Berdasarkan hasil diskusi kelompok untuk kasus eksibisionisme didapatkan beberapa prinsip-
prinsip etika keperawatan, antara lain:
3.1 Otonomi, dimana bahwa individu mampu berpikir logis dan mampu membuat keputusan
sendiri, tetapi dalam kasus ini kita sebagai perawat harus menghargai keputusan yang telah
diambil oleh klien dan kita juga dapat memberitahu dengan sopan bahwa tindakan tersebut
kurang tepat dilakukan pada orang lain dan di depan umum.
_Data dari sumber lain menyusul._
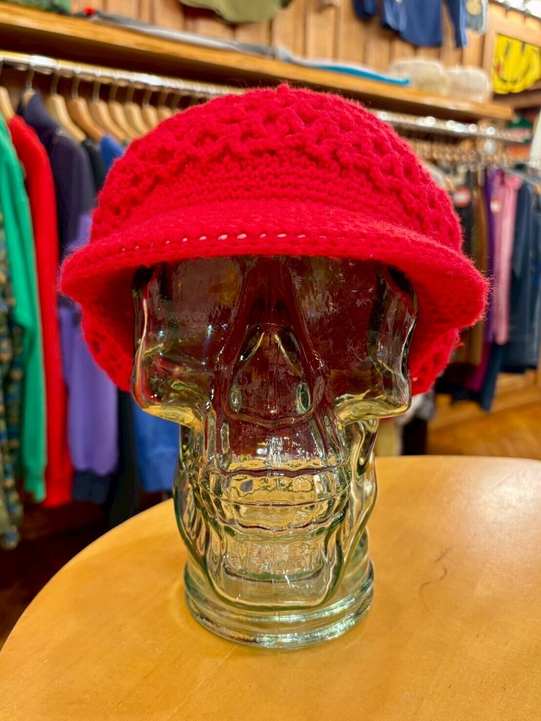 ややボリュームあるシルエットがかわいい手編みのキャスケット帽子!こちらはUSEDのものです。鮮やかな赤も古着らしくてかわいいですね!!いい雰囲気です◎
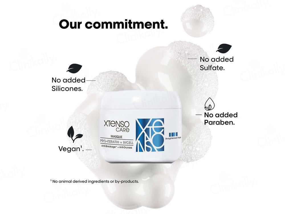 L'Oréal Professionnel Xtenso Care Hair Masque is an intensive treatment designed for chemically straightened or smoothened hair. Enriched with Pro-Keratin and Incell, this masque nourishes and strengthens hair fibers, helping to repair damage caused by chemical treatments. It adds moisture, smoothness, and softness while taming frizz and flyaways. The rich, creamy texture provides deep conditioning, leaving hair feeling smooth, silky, and more manageable. Ideal for maintaining the results of salon-straightened hair.

Jika kita melihat klien yang
seperti ini sikap kita biasa saja seperti tidak terjadi sesuatu, jik kita berani maka pelototi saja
klien tersebut dan jika memungkinkan untuk berpindah posisi maka lebih baik berpindah
posisi.

3.2 Beneficence (berbuat baik), dimana kita sebagai perawat harus tetap berbuat baik dalam
menangani kasus seperti ini dan kita juga dapat menyarankan kepada klien tindakan terapi
yang dapat dilakukan oleh klien untuk mengatasi masalahnya ini agar klien dapat kembali
seperti semula atau awal yang belum memiliki gangguan prilaku seksual.

3.3 Justice (keadilan), dimana kita sebagai perawat harus tetap berprilaku adil dalam melakukan
tindakan keperawatan pada klien yang memiliki gangguan seperti ini dan tidak boleh
memilih-milih karena klien memiliki gangguan prilaku seperti ini, seharusnya kita sebagai
perawat harus berusaha lebih dalam mengatasi kasus seperti ini karena jika klien tersebut
dapat normal kembali atau tidak memiliki gangguan prilaku seksual, maka kita telah
menolong klien tersebut.

3.4 Non-maleficence (tidak merugikan), dimana kita sebagai perawat tidak boleh berprilaku atau
bersikap kasar kepada klien, seperti memukul klien saat klien menunjukkan alat kelaminnya
di depan kita. Tetapi, kita harus memberitahukan bahwa tindakan tersebut kurang tepat jika
dilakukan ke orang lain, jika memang klien ingin melakukan tindakan tersebut maka lebih
baik melakukan di depan suami atau istrinya saja.